Ведь совершалось это злодейство в десятках различных мест, и совершали его тысячи, никогда не встречавших друг друга убийц – немцев, румын, украинцев, литовцев…
Что это? Одна и та же методика уничтожения?
Именно так!
Одна и та же дьявольская методика уничтожения!
И автором этой уникальной методики был не кто иной, как Адольф Эйхман.
Личность Эйхмана всем хорошо известна, и совершенные им преступления тоже ни для кого не секрет. Как глава еврейского реферата гестапо, он всегда был в эпицентре оргии уничтожения: именно он был создателем Эйнзатцгруппе СС, действовавших на территориях СССР, и именно к нему поступали их кровавые рапорты, именно он был организатором совещания в Ванзее, послужившим началом «окончательного решения», и именно его подпись стоит под протоколом этого совещания…
Да и сам он однажды с гордостью заявил: «Я сойду в могилу смеясь, поскольку тот факт, что на моей совести смерть шести миллионов жидов, дарит мне необычайное удовлетворение».
Но вот о том, что все массовые убийства совершались по разработанной им методике, никто никогда почему-то не упоминал.
Об этом удивительном факте рассказал в своих воспоминаниях американский судья Майкл Масманно [17] .
После завершения Международного Нюрнбергского процесса в том же Нюрнберге в 1946–1948 годах проходили еще 12 отдельных процессов Американского военного трибунала. Председателем процесса № 9, касавшегося Эйнзатцгруппе СС, был судья Масманно.
17
Масманно Майкл. Специальные команды Эйхмана. М.: Центрполиграф, 2010.
И хотя на скамье подсудимых Эйхмана не было, судье пришлось уделить ему много внимания и изучить все документы, связанные с его «деятельностью».

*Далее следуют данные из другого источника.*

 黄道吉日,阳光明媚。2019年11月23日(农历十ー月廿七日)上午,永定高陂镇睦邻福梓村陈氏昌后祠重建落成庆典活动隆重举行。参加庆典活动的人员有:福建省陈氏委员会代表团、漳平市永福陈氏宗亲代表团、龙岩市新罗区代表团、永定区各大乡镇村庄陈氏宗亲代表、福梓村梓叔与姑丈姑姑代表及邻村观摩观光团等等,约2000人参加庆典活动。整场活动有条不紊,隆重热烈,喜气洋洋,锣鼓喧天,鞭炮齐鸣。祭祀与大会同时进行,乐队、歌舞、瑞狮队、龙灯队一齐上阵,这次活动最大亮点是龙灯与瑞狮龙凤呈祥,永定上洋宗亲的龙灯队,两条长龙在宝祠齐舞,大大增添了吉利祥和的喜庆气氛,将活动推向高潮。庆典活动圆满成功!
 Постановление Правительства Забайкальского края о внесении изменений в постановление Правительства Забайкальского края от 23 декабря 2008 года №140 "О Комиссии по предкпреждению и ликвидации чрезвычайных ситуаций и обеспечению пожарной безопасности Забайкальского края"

В процессе этой мучительной, по словам Масманно, работы он неожиданно обнаружил, что «честь» создания методики массового уничтожения принадлежит Эйхману.
Эйхман не присутствовал на процессе Эйнзатцгруппе СС по «уважительной», так сказать, причине – в те дни он скрывался от правосудия и продолжал успешно скрываться еще лет пятнадцать, до того самого вечера, когда однажды на темной улочке Буэнос-Айреса его не выследили агенты израильского «Моссада».

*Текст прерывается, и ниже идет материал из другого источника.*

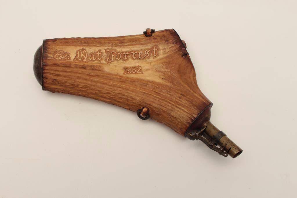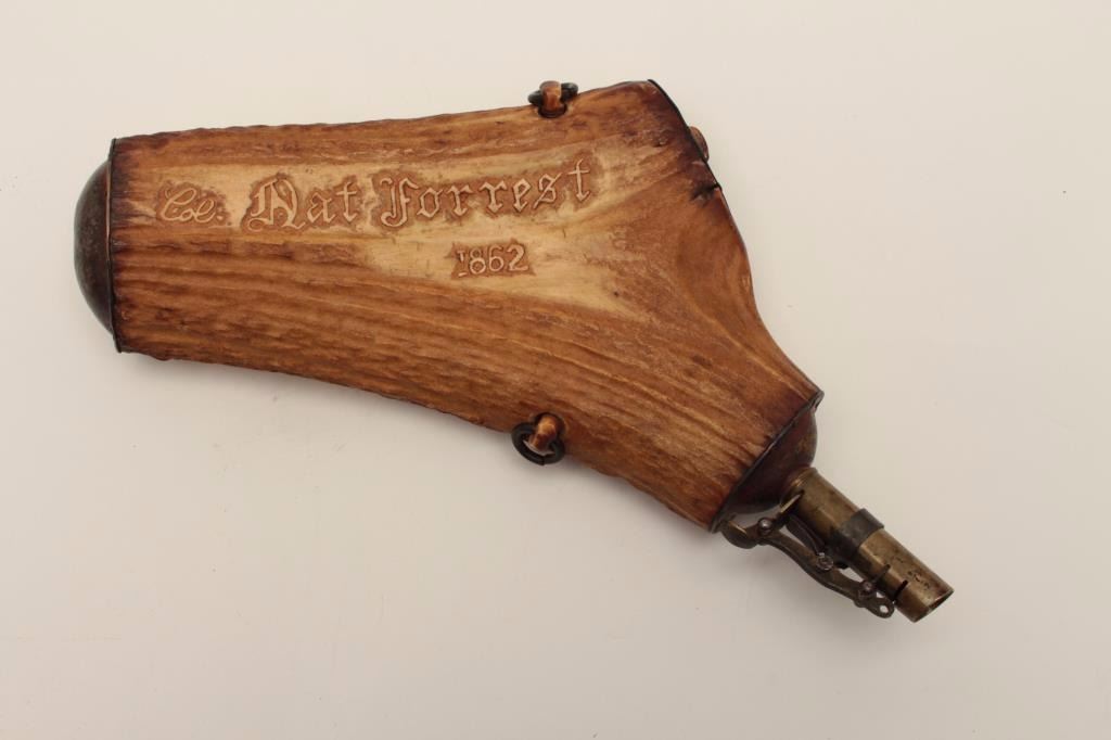 Magnificent Raised Carved Powder Horn showing Eagle, Stand of Arms, and C.S.A. Reverse also Relief Carved Col. Nat. Forest 1862. Nathaniel Bedford Forest was one of the most colorful and bold Confederate Commandersduring the Civil War. His adventures and exploits are subject of many volumes. Documenting letter of Provenance from Walter O'Connor who is generally considered the Foremost Living Expert on American PowderHorns who's letter pronounces absolute originality to 19th Century. It is the only 19th Century Powder Horn this Top Expert cared to keep in his Personal Collection almost 35 years. Approx. 8 1/2" by 6" acrosswidest part and made from Crotch of Moose Antler. Great metal and Carving worn with charger spout, utilized from mid 19th Century shot flask. The Best Imaginable Carving. Est.:$10,000-20,000

В тот вечер Эйхман задержался на службе и очень спешил домой, где ждала его к ужину семья – любимая жена Вероника и четверо сыновей.
Он уже подходил к дому, когда его окликнул мужской голос.
«Минуточку, сеньор!» — сказал по-испански незнакомый мужчина.
Эйхман обернулся и едва успел подумать, что обычные эти слова прозвучали немного странно и что окликнувший его человек, наверное, иностранец, как почувствовал, что летит в пропасть…
И он действительно полетел – в Израиль. С комфортом полетел – на специально присланном за ним военном самолете.